Strip the pictures and reproduce the rest of the listing exactly.

[DATA FOR ANALYSIS]:
####

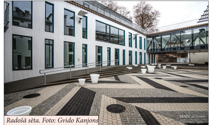
Radošā sēta.
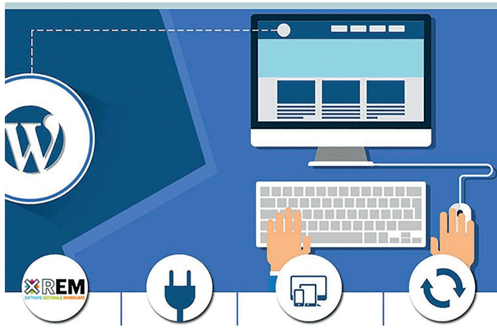
IL PROGETTO NASCE NEL 2015

gli strumenti migliori per entrare in contatto con i potenziali clienti è, senza dubbio, il sito web. I gestionali di vecchia generazione, infatti, offrono siti web scarsamente personalizzabili e impossibili da gestire e ottimizzare per i motori di ricerca (spesso, non lasciano nemmeno la pos-
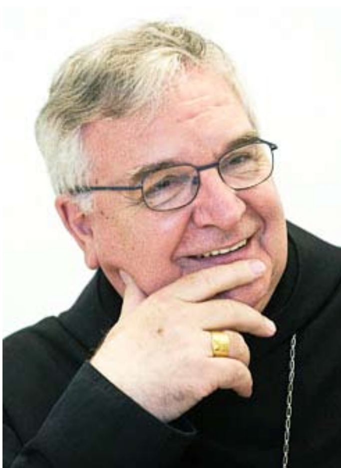
+ Vätskegi Antoi
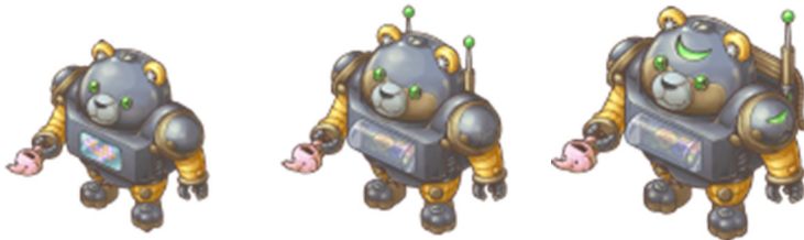
(画像は左から、くまさんロボ, Mk-II, HYPER)

####

[SOLUTION]:
Radošā sēta.
IL PROGETTO NASCE NEL 2015

gli strumenti migliori per entrare in contatto con i potenziali clienti è, senza dubbio, il sito web. I gestionali di vecchia generazione, infatti, offrono siti web scarsamente personalizzabili e impossibili da gestire e ottimizzare per i motori di ricerca (spesso, non lasciano nemmeno la pos-
+ Vätskegi Antoi
(画像は左から、くまさんロボ, Mk-II, HYPER)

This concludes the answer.